Even the departed want to be part of what they once inhabited. Or so their kin feel, and through them, if not through their own volition or political performance, they want to hold on to a piece of Lutyens’ Delhi in the form of memorials. As one man who was in the Public Works Department put it— those who moved in didn’t want to think that they would ever have to leave. That’s what power does. Makes you believe in the immortality of it.
Lutyens’ Delhi, then, is also a graveyard of memorials, given that many who lost their grip on power wanted to hold on to the privilege so badly that they put in applications to the Urban Development Ministry in the name of trusts formed overnight, or in a matter of a few weeks, to turn official residences into memorials. In the games of power where alliances are forged and diffused, and the reliance on memory and assertion of identities are held aloft, memorials are the only way to stay put. Like they do in Israel. Nobody is allowed to forget. There are memorials that you are confronted with on the streets where a bomb may have exploded, or in Masada, where they mourn the victimisation of Jews.
But not everyone who applied for a memorial was obliged. Like the kin of the former President Giani Zail Singh, who had requested that his official residence be turned into a commemorative structure; it was denied. Or the recent Ajit Singh case, where he was denied a memorial in the name of his father Charan Singh. As one official says, it didn’t mean much since his father died almost 30 years ago, and only after he was served an eviction notice from the house at 12 Tughlaq Road did the RLD leader, taking a cue from other such cases like that of former Lok Sabha Speaker Meira Kumar who was fined heavily for a property grab but later got away with it, ask the Government to dedicate the official residence where his father had spent almost three decades of his political career to his memory.

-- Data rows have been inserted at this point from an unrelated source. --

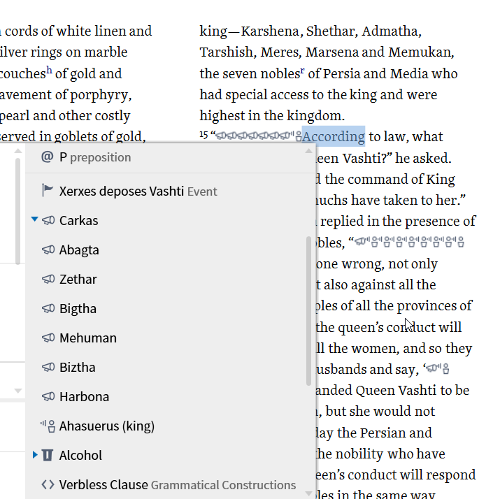 As the screenshot below shows the speaker and addressee labels are reversed in Esther 1:15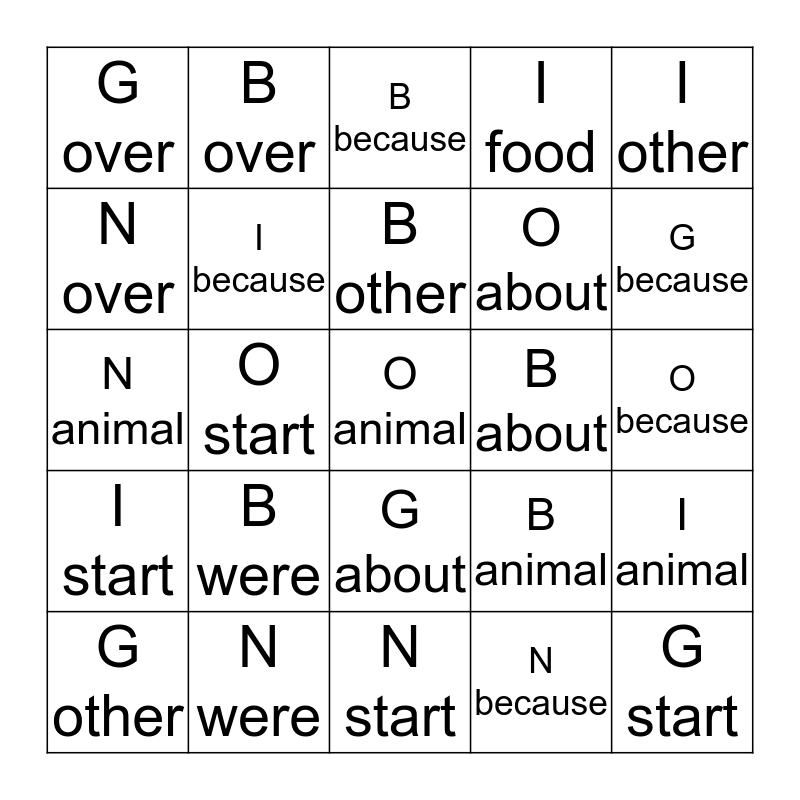 This bingo card has a free space and 24 words: B were, N were, B other, G other, I other, G over, N over, B over, B about, G about, O about, N animal, B animal, I animal, I because, N because, O because, B because, G because, O start, G start, I start, I food and N start.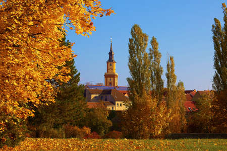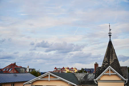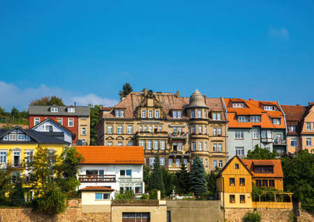 RIESA/GERMANY - July 23/2018: Photo of cityscape with house and blue sky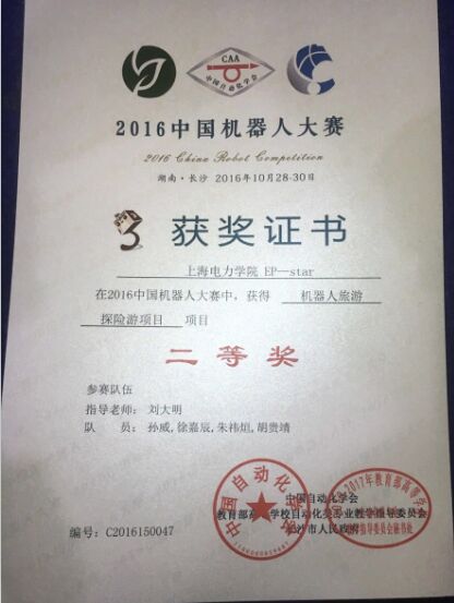 公司学子获2016中国机器人大赛二等奖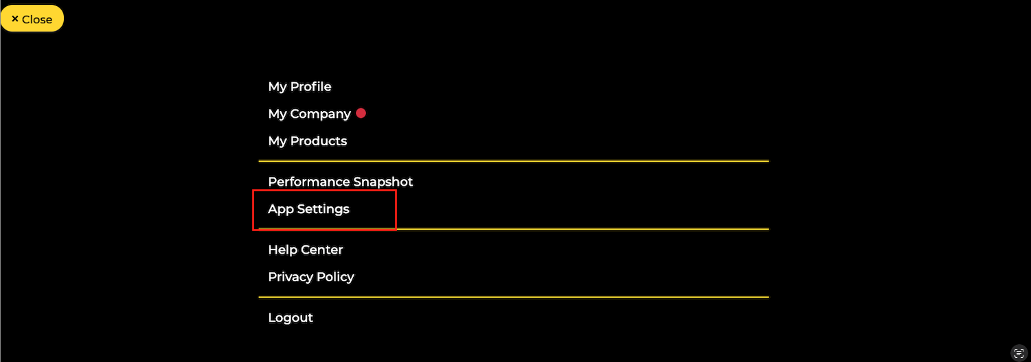 To begin customizing your notifications, click on your profile button located in the top right-hand corner of the screen. From the dropdown menu, select App settings to access your notification settings.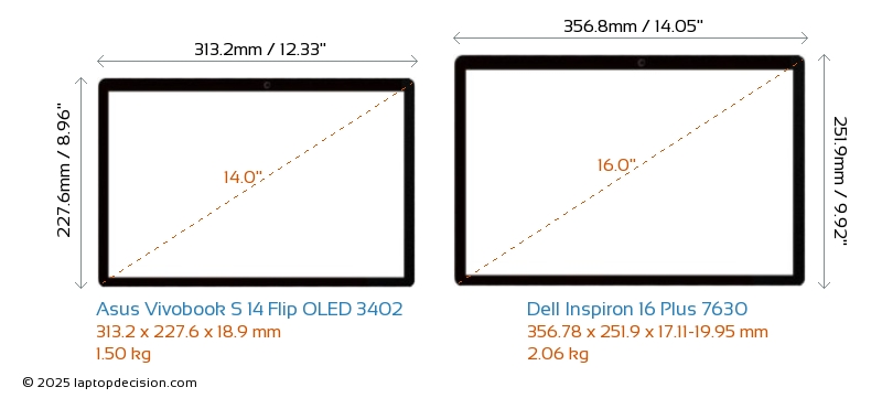 HDMIBoth Vivobook S 14 Flip OLED 3402 and Inspiron 16 Plus 7630 feature an HDMI port. Vivobook S 14 Flip OLED 3402 offers 1x HDMI 2.1, while Inspiron 16 Plus 7630 offers 1x HDMI 2.0.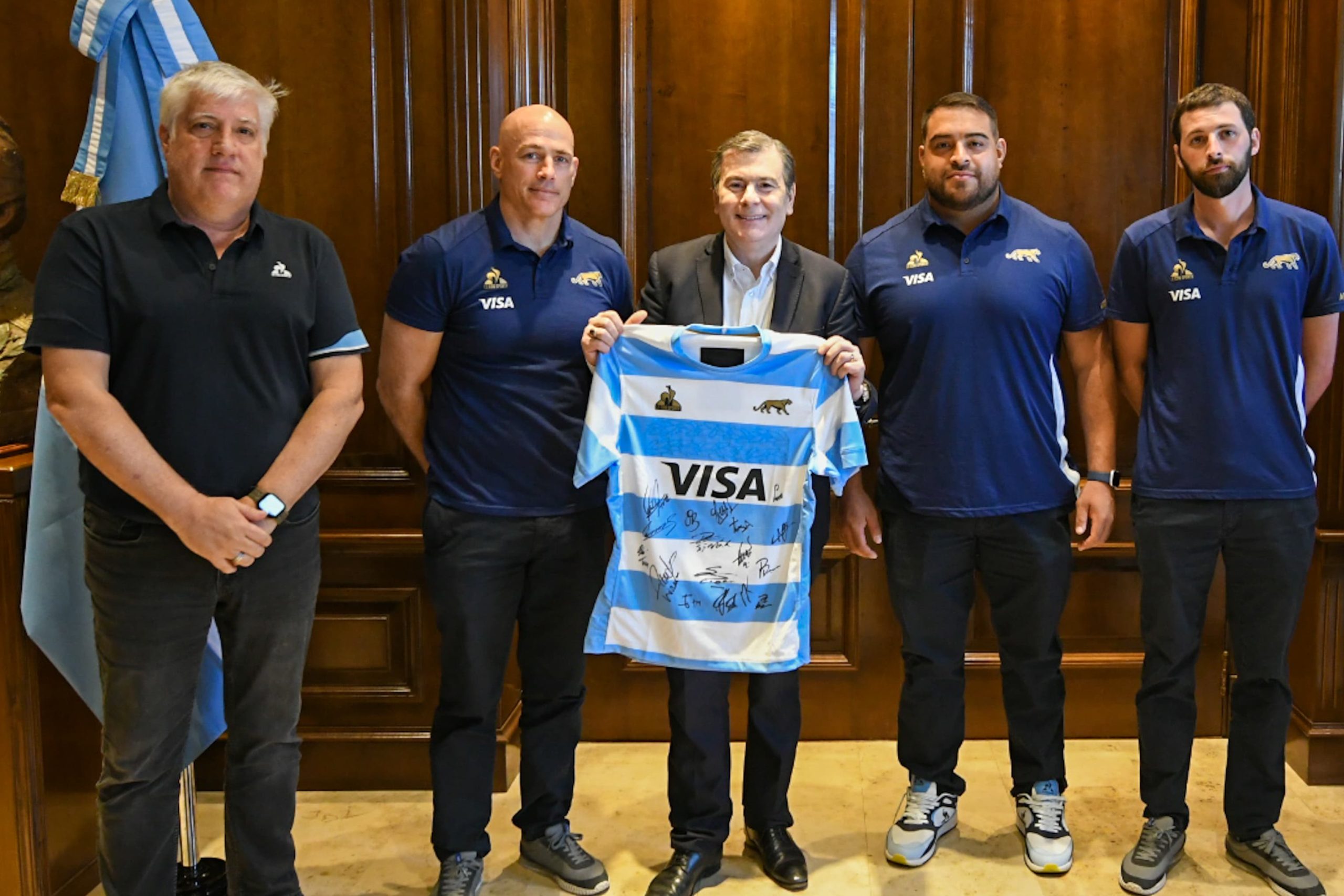 El gobernador Gerardo Zamora recibió este jueves por la mañana en Casa de Gobierno la visita de Felipe Contepomi, técnico del Seleccionado Argentino de Rugby “Los Pumas”, quien estuvo acompañado por el manager del equipo, Juan Passano; el gerente comercial de la Unión Argentina de Rugby, Miguel Dupont, y el jugador santiagueño Pedro Delgado.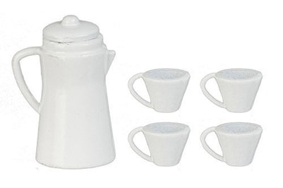 Aztec Imports Melody Jane Dollhouse White Coffee Pot & Mugs Miniature Kitchen Accessory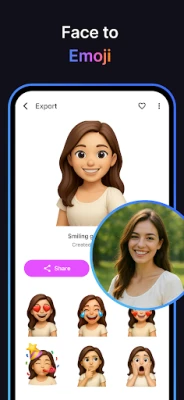 Turn text or images into unique AI emojis instantly. This app is your all-in-one solution to create your own emoji, make stickers, and share them in WhatsApp, chats, or social media.

In a scuffle between the agitating RLD and Bharatiya Kisan Union members, the police had to resort to firing rubber bullets, and in this game of memorials and holding on to symbols of power and eternity, even the Congress supported the agitating leader, calling his eviction ‘unceremonious’ and asking the NDA Government to grant the necessary permissions to convert the residence into a memorial.

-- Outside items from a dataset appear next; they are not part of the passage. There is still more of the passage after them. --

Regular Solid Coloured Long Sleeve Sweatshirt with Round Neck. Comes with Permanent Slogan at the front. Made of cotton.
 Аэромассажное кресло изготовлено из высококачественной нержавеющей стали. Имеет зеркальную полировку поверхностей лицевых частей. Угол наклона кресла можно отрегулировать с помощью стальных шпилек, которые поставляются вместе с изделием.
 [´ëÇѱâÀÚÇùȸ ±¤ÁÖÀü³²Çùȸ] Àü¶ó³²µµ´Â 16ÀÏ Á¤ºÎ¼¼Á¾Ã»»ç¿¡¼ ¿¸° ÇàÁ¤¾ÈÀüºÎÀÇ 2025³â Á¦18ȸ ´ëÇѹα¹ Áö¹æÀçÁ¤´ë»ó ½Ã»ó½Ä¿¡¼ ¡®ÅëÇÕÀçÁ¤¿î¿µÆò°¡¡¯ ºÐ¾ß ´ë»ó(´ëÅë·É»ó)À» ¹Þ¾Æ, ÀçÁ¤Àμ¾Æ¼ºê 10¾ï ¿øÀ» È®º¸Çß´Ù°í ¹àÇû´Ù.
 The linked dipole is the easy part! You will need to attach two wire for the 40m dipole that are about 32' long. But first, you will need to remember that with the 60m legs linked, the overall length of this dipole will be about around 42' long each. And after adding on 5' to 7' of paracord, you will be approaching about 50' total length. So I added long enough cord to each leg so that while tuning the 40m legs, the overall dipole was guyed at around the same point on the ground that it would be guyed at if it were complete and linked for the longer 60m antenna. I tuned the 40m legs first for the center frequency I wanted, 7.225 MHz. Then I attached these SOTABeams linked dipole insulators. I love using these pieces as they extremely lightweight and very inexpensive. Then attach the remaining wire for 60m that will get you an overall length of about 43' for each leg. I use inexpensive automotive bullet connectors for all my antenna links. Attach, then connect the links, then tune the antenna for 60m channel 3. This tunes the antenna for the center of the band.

But in 2000, the NDA regime had said no more memorials would be allowed in Lutyens’ Delhi, and again, the ban was cited in the case of Ajit Singh’s request. A 2013 Supreme Court judgment on the same lines also said that no more residential buildings owned by the Government could be turned into memorials. Although Singh vacated the place, he said that if there were memorials for Lal Bahadur Shastri and Kanshi Ram, his father also deserved one, having lived in the same house for 36 years.
The UPA lost the argument, as did Ajit Singh. No siege on the LBZ worked, but it forced the new Government to revive the 2000 ban on converting residential properties into memorials, adding that while it would not pay for the maintenance of existing ones, it would let them stay. Like the one on 6 Krishna Menon Marg that was turned into a memorial for Babu Jagjivan Ram. The UPA Government had found a way around the 2013 Supreme Court judgment by leasing the building to a trust.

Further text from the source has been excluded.